::: Provided data :::

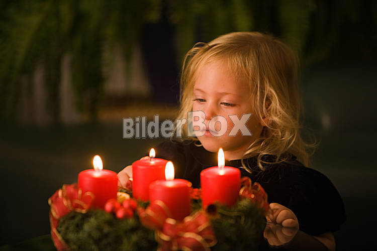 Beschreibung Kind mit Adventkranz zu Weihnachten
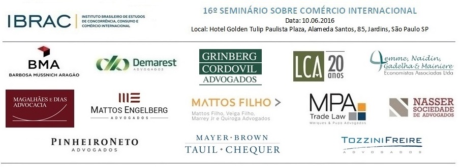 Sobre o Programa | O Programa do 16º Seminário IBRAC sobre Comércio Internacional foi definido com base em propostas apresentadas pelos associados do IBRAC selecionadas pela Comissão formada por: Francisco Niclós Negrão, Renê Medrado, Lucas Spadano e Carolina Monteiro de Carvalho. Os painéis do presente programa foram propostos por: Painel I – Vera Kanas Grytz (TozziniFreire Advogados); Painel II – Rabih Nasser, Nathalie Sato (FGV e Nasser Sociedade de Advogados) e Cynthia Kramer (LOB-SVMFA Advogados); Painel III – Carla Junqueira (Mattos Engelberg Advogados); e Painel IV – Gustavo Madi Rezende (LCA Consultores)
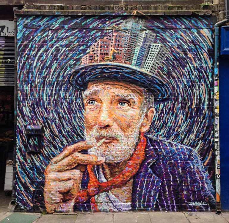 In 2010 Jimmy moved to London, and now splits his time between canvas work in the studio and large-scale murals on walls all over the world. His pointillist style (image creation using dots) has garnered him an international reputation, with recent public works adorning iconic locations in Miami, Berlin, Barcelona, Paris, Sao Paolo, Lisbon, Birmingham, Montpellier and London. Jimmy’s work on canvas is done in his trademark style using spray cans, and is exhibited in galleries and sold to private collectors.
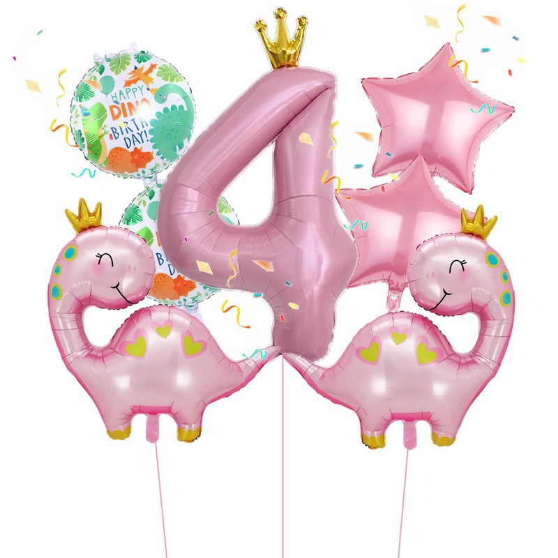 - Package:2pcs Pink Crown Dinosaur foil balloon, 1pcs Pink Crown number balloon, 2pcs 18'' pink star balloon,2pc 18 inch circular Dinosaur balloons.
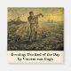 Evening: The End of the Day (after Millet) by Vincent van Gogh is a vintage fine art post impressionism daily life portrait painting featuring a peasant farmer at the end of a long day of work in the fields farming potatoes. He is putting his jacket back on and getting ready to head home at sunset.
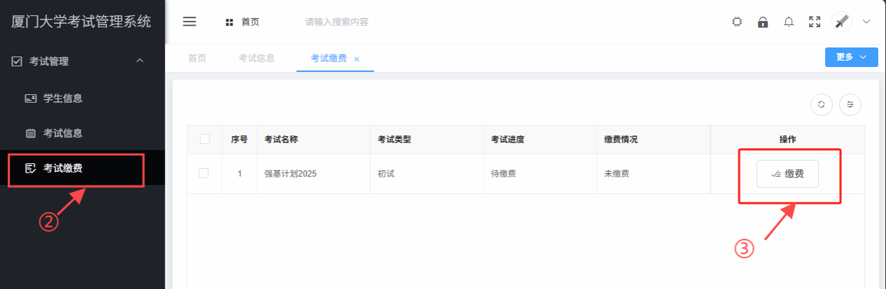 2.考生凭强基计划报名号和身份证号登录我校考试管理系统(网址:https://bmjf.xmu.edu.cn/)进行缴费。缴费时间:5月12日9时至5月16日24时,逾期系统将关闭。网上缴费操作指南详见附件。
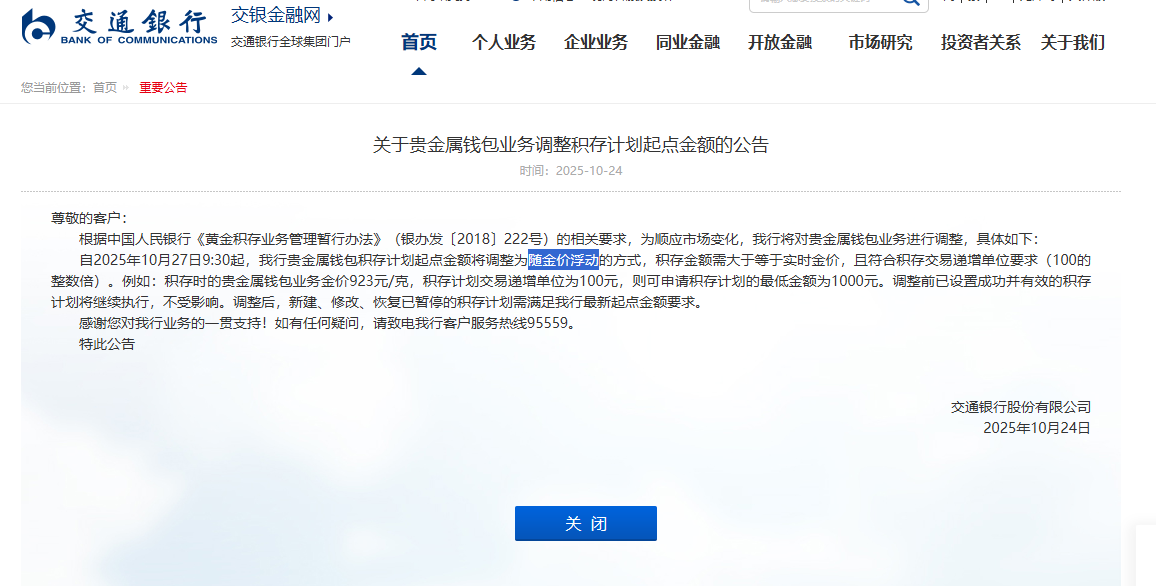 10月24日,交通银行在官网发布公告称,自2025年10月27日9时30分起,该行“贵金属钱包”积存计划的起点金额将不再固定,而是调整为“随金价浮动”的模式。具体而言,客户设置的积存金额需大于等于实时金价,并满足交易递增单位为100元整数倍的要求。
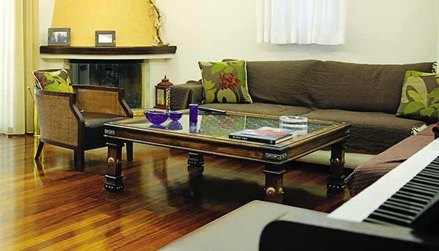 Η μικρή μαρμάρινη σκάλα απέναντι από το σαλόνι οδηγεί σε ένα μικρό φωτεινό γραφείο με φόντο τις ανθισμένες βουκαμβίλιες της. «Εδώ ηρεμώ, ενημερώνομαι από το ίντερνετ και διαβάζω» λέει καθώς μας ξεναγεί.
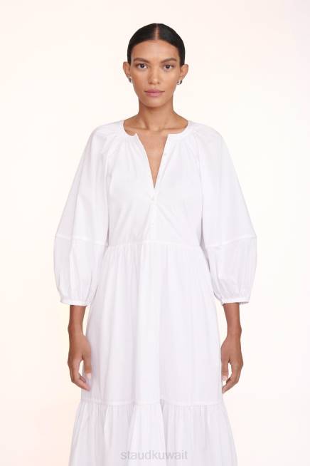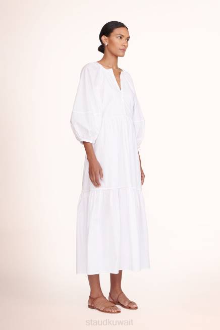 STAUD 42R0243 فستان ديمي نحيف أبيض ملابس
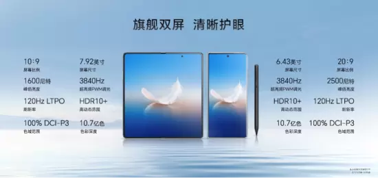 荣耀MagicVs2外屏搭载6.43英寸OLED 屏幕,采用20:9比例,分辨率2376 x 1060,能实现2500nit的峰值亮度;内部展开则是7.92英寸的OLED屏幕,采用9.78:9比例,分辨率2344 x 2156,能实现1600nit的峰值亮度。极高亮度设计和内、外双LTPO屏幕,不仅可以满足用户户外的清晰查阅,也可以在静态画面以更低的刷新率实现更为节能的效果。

:::

> **What is being asked**
Beginning with the first line of the entries above, repeat each line word for word until the line with "2.考生凭强基计划报名号和身" has been given too. Omit the pictures.

> **Solution**
 Beschreibung Kind mit Adventkranz zu Weihnachten
 Sobre o Programa | O Programa do 16º Seminário IBRAC sobre Comércio Internacional foi definido com base em propostas apresentadas pelos associados do IBRAC selecionadas pela Comissão formada por: Francisco Niclós Negrão, Renê Medrado, Lucas Spadano e Carolina Monteiro de Carvalho. Os painéis do presente programa foram propostos por: Painel I – Vera Kanas Grytz (TozziniFreire Advogados); Painel II – Rabih Nasser, Nathalie Sato (FGV e Nasser Sociedade de Advogados) e Cynthia Kramer (LOB-SVMFA Advogados); Painel III – Carla Junqueira (Mattos Engelberg Advogados); e Painel IV – Gustavo Madi Rezende (LCA Consultores)
 In 2010 Jimmy moved to London, and now splits his time between canvas work in the studio and large-scale murals on walls all over the world. His pointillist style (image creation using dots) has garnered him an international reputation, with recent public works adorning iconic locations in Miami, Berlin, Barcelona, Paris, Sao Paolo, Lisbon, Birmingham, Montpellier and London. Jimmy’s work on canvas is done in his trademark style using spray cans, and is exhibited in galleries and sold to private collectors.
 - Package:2pcs Pink Crown Dinosaur foil balloon, 1pcs Pink Crown number balloon, 2pcs 18'' pink star balloon,2pc 18 inch circular Dinosaur balloons.
 Evening: The End of the Day (after Millet) by Vincent van Gogh is a vintage fine art post impressionism daily life portrait painting featuring a peasant farmer at the end of a long day of work in the fields farming potatoes. He is putting his jacket back on and getting ready to head home at sunset.
 2.考生凭强基计划报名号和身份证号登录我校考试管理系统(网址:https://bmjf.xmu.edu.cn/)进行缴费。缴费时间:5月12日9时至5月16日24时,逾期系统将关闭。网上缴费操作指南详见附件。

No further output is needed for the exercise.